В России отсутствует связь между параграфами законов и действительностью

Дмитрий ОРЕШКИН,

политолог

Единственный закон нашей жизни — кто начальник, тот и прав

Единственный закон нашей жизни — кто начальник, тот и прав
Ремонт законов — дело, безусловно, необходимое. Но оно менее актуально, чем ремонт правил реальной жизни. Даже если мы существенно улучшим нашу Конституцию, сделаем ее более сбалансированной, ослабим там роль президента, что от этого изменится?
20 февраля 2012
Де-факто жизнью в России сейчас управляет вовсе не президент, а человек, который не имеет на это никаких формальных полномочий. Как минимум нам нужно добиться того, чтобы правила жизни определялись официально принятыми законами, а не какими-то закулисными договоренностями, которые мы не в силах контролировать.

Дмитрий Орешкин, ч. 1

Дмитрий Орешкин, ч. 1

Есть закон, который написан на бумаге, — и есть реальная жизненная практика. Если, скажем, взять сталинскую Конституцию 1936 года, то моя любимая статья — 112-я. Там написано, что судьи в СССР независимы и подчиняются только закону. Очень простая статья. Понятно, что к жизни она не имела никакого отношения. Потому что судьи были зависимыми и если и подчинялись закону, то этот закон назывался «воля вышестоящего руководства».

То же самое происходит и сейчас. Мы имеем зафиксированные на бумаге законы — и имеем реальную политическую и экономическую практику, которая отчасти регулируется и писаными законами тоже, но в гораздо большей степени — неписаными. И главный, настоящий закон в нашей жизни — кто начальник, тот и прав. Из него прямое следствие: Путин всегда прав. Это позиция Владимира Евгеньевича Чурова.

Ни в какой Конституции это не прописано. Наоборот, нам говорят, что Конституция дает слишком много прав президенту. На бумаге — да, как это ни странно. Но достаточно вспомнить фамилию нынешнего президента и поинтересоваться: нас что, угнетает избыток прав у действующего президента? Скорее наоборот, мы видим прямо противоположную ситуацию. На бумаге у президента прав избыток, и, пожалуй, правильно об этом говорят юристы. А на практике ситуацией управляет не президент, а совершенно другой человек, у которого, как мы видим, на бумаге прав значительно меньше.

Поэтому сейчас важнее говорить о ремонте реальной жизни, о ремонте того, что можно назвать правоприменительной практикой. Ремонтировать законодательные тексты — необходимое и нужное дело. Но оно менее актуально, чем ремонт правил реальной жизни. Ну изменим мы Конституцию, ослабим там роль президента. Что от этого изменится? Де-факто сейчас, в нашей повседневной жизни, жизнью в России управляет вовсе не президент, а человек, который не имеет никаких формальных полномочий президента.

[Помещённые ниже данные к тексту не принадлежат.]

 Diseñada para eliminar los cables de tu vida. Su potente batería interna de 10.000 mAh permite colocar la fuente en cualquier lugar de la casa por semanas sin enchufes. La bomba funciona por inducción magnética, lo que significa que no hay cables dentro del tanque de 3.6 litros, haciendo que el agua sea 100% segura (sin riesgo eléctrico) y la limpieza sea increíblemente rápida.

Так вот, надо сделать так, чтобы правила жизни как минимум определялись тем, что мы официально написали на бумаге, а не какими-то закулисными договоренностями, которые мы не в силах контролировать. Вот в чем великий парадокс России.

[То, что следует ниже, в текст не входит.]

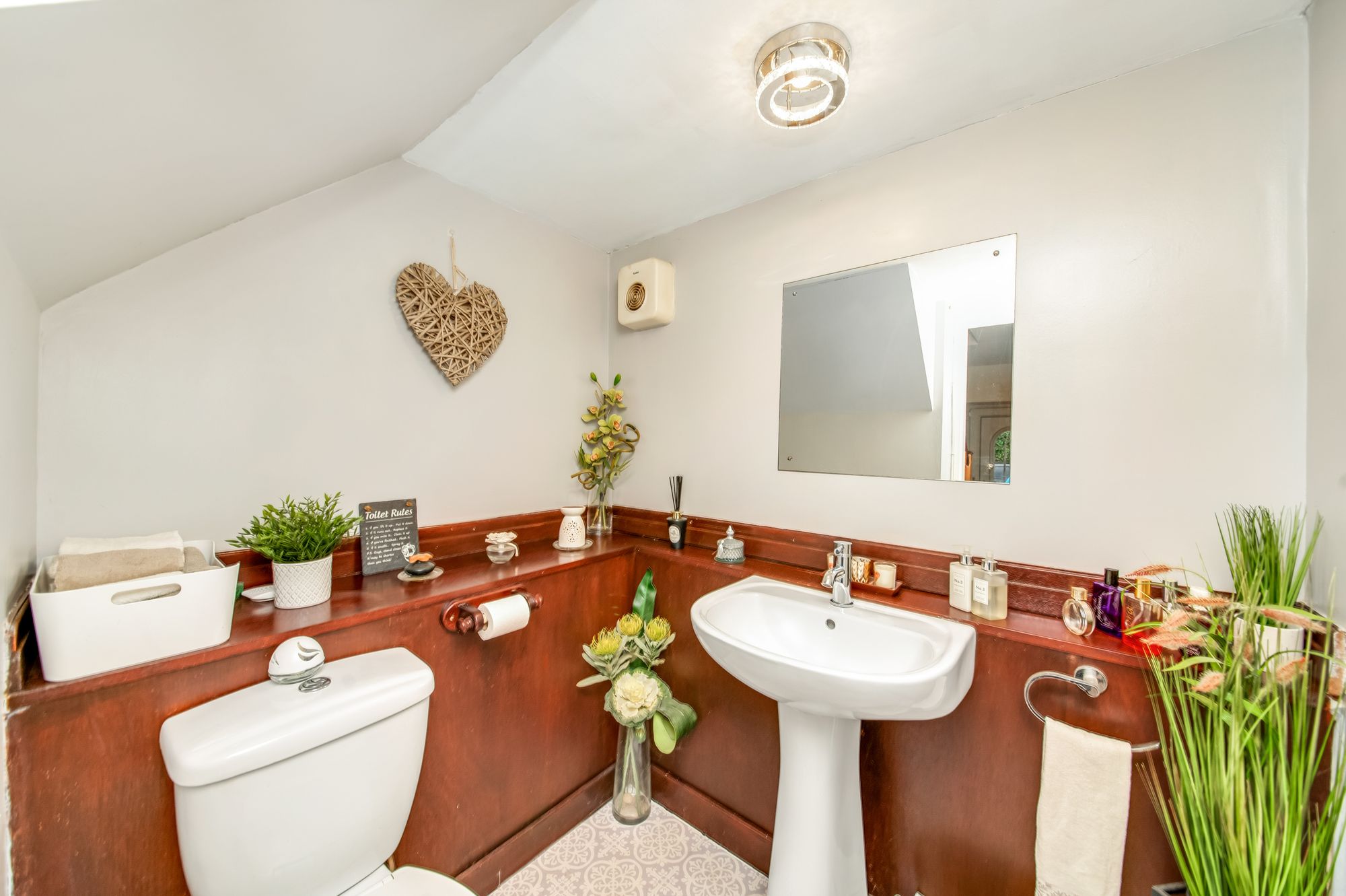 DOWNSTAIRS W.C.The downstairs W.C. features a modern white two-piece suite, which comprises of a low-level W.C. with push button flush and a broad pedestal wash hand basin with chrome monobloc mixer tap. There is a radiator, ceiling light point and an extractor fan.
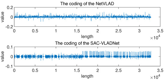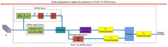 From Equation (5), it is clear to see that the original NetVLAD model only uses the first-order statistical information. The NetVLAD layer and the traditional pooling methods achieve the aggregated features from the spatial scale without considering the feature interaction between each channel. The proposed SAC-VLADNet exploits the covariance matrix to get the interactive feature which can efficiently enhance the representation ability. The final aggregated feature in the proposed network is the concatenation of the first-order and the covariance statistical information. The covariance statistical information of Equation (13) is written as:
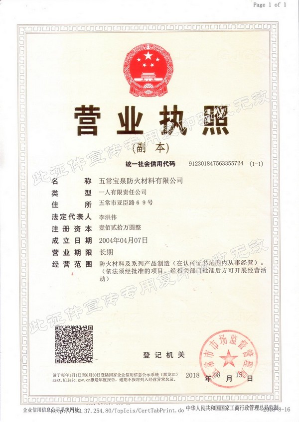 企業(yè)簡介 五常寶泉防火材料有限公司(黑龍江省寶泉消防設(shè)備有限公司)是主要制造、經(jīng)營、銷售防火阻燃材料系列產(chǎn)品。其中以自粘性阻燃包帶(ZFBD)、阻火包(PFB)、有機防火堵料(SFD)、室內(nèi)超薄型鋼結(jié)構(gòu)防火涂料(NCB(BCF)-1)為主要產(chǎn)品。寶泉牌防火材料系列產(chǎn)品是普通防火材料的更新?lián)Q代產(chǎn)品,防火性能優(yōu)異,具有普通防火材料沒有的諸多優(yōu)點:施工方便、經(jīng)久耐用、耐火極限高、熱傳導(dǎo)率低、耐腐蝕、抗老化、無毒無害、環(huán)保、可以連續(xù)施工等特點。產(chǎn)品廣泛應(yīng)用于電力企業(yè)(各型電廠、輸變電公司、電建公司、電力公司)、石油化工企業(yè)、冶金業(yè)、通訊業(yè)、地鐵、隧道、...
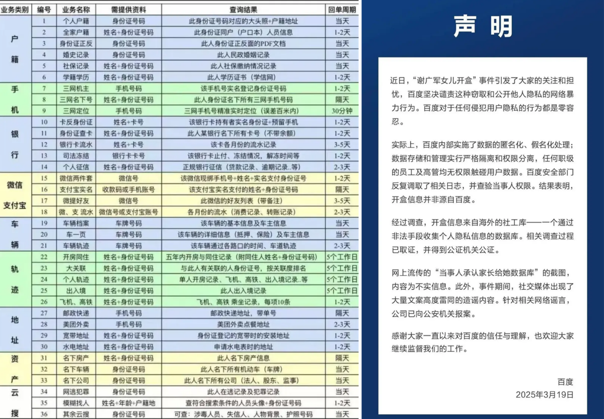 事件在內地引發大風波,主因是內地網民懷疑少女A偷入父親的百度工作戶口,把受害人起底。不過謝廣軍及百度均否認有此事,指部分網上通話截圖乃捏造的,故公司亦已向公安報案。百度聲明稱,百度內部實施了資料的匿名化、假名化處理;資料存儲和管理實行嚴格隔離和許可權分離,任何職級的員工及高管均無許可權觸碰使用者資料。百度安全部門反覆調取了相關日誌,並查驗當事人許可權。結果表明,「開盒(起底)」資訊並非源自百度。經過調查,開盒資訊來自海外的社工庫:即一個通過非法手段收集個人隱私資訊的資料庫。相關調查過程已取證,並得到公證機關公證。
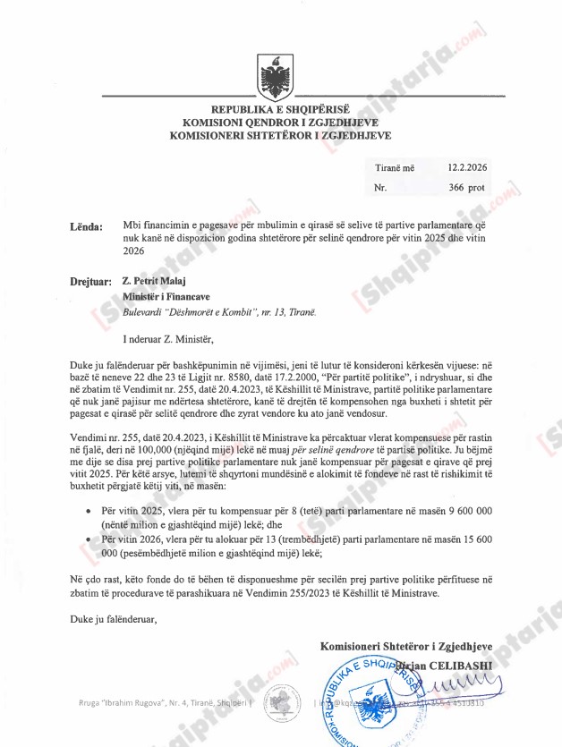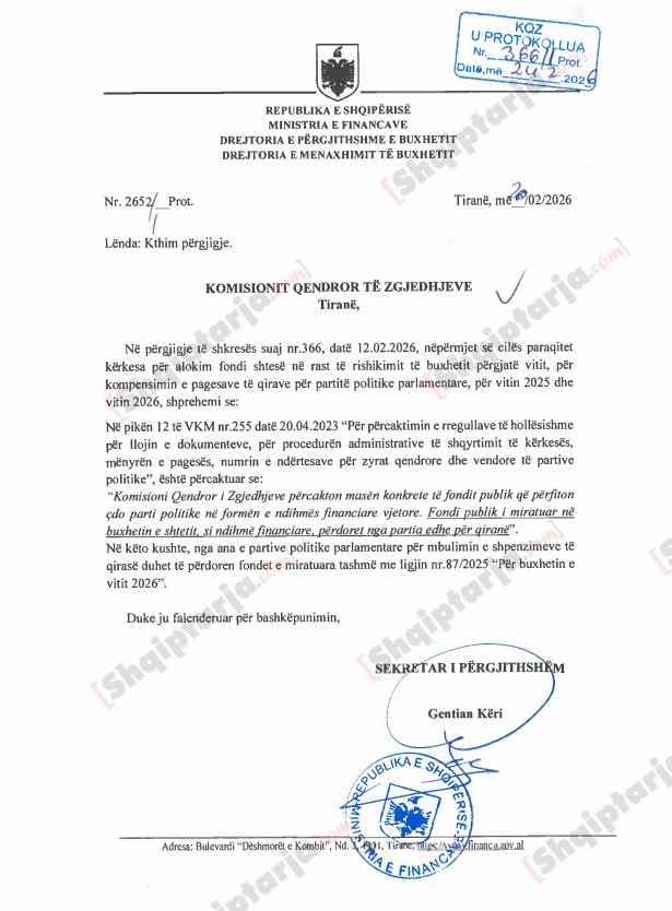Përmes një shkrese të siguruar nga Report TV, më datë 12 shkurt 2024, KQZ i është drejtuar zyrtarisht dikasterit të Financave ku kërkohet fond për partitë për vitet 2025 dhe 2026.

Понятно, конечно, что эти процессы должны идти параллельно. Пусть юристы придумывают более удачный, более сбалансированный тест Конституции. А гражданское общество тем временем должно бороться за свои права. Потому что, какие бы замечательные права ни были прописаны в Конституции, если за ними нет реального ресурса и механизма их реализации, они остаются пустышкой, как правильные слова, написанные в сталинской Конституции.

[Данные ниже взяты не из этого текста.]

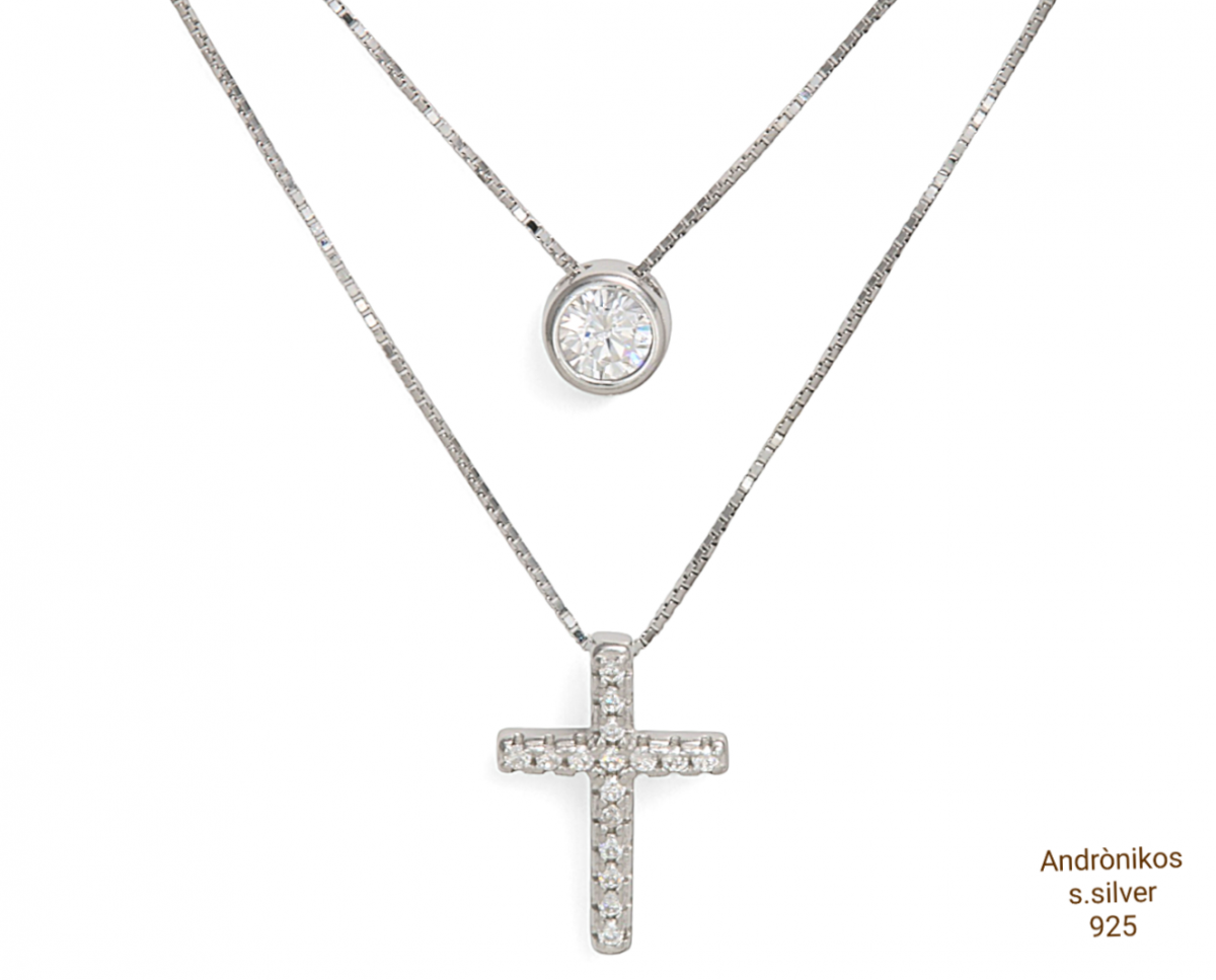 •  Διπλό ασημένιο κολιέ ασήμι 925 επιπλατινωμένο , με σειρέ μικρό Σταυρο καιμονοπετρο καστόνι .
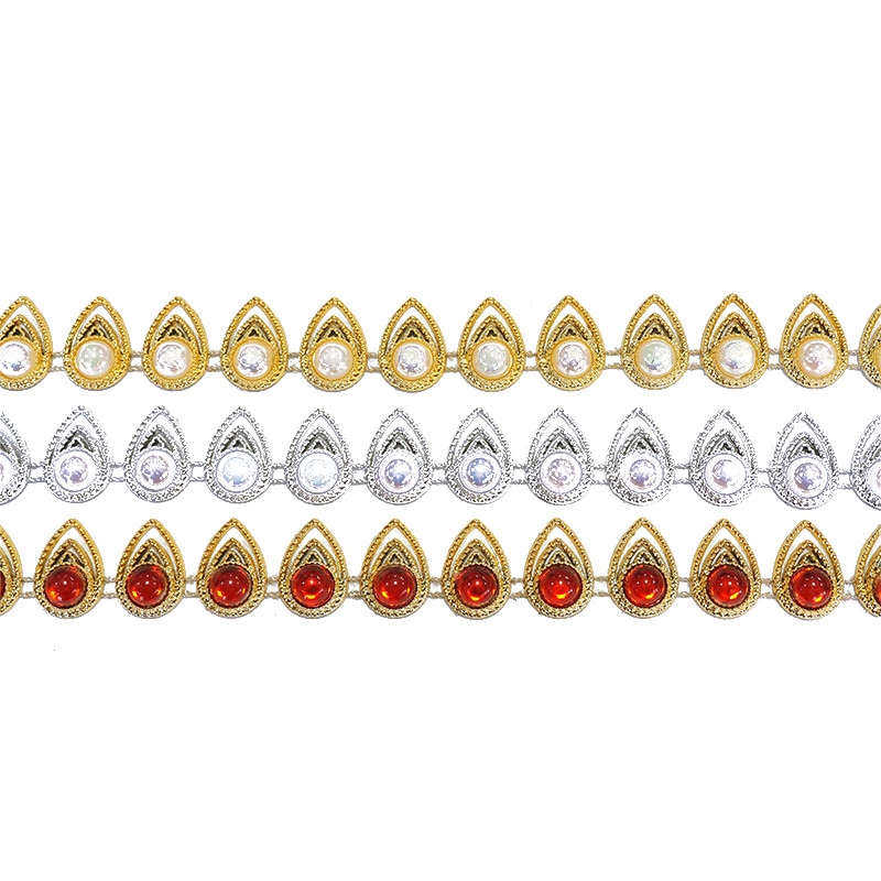 | 詳細 | ナミダ型のパーツをブレード状に繋げました! プラスチックなのでとっても軽くストーンがのっているのでキラキラ輝きます。 1個1個ハサミで簡単にカットできパーツとしても使えます。 貼り付けでも縫い付けでもOK。 |

Возьмите 31-ю статью. Написано, что можно собираться, а в реальной жизни собираться нельзя. И Лимонов из месяца в месяц бьется за эту самую 31 статью. Если бы он не бился (в этом смысле ему надо отдать дань уважения), то кто бы вообще об этой статье знал? Она существовала бы только на скрижалях истории, и при случае нам говорили бы, как говорили в свое время Сталин и Фейхтвангер: у нас в Конституции все есть. У нас Конституция гораздо более прогрессивная, чем у любого западного государства. Конституция — да. А законы реальной жизни — нет.

Поэтому я предпочел бы сейчас сосредоточиться на законах реальной жизни. Разумеется, это не означает, что я против того, чтобы юристы пересматривали закон, поскольку все равно мы когда-нибудь начнем жить по писаным законам. Сейчас мы наполовину живем по писаным законам, а наполовину — по неписаным. В советскую эпоху мы вообще жили по неписаным законам, главным из которых было: не возникай, иначе голову оторвут.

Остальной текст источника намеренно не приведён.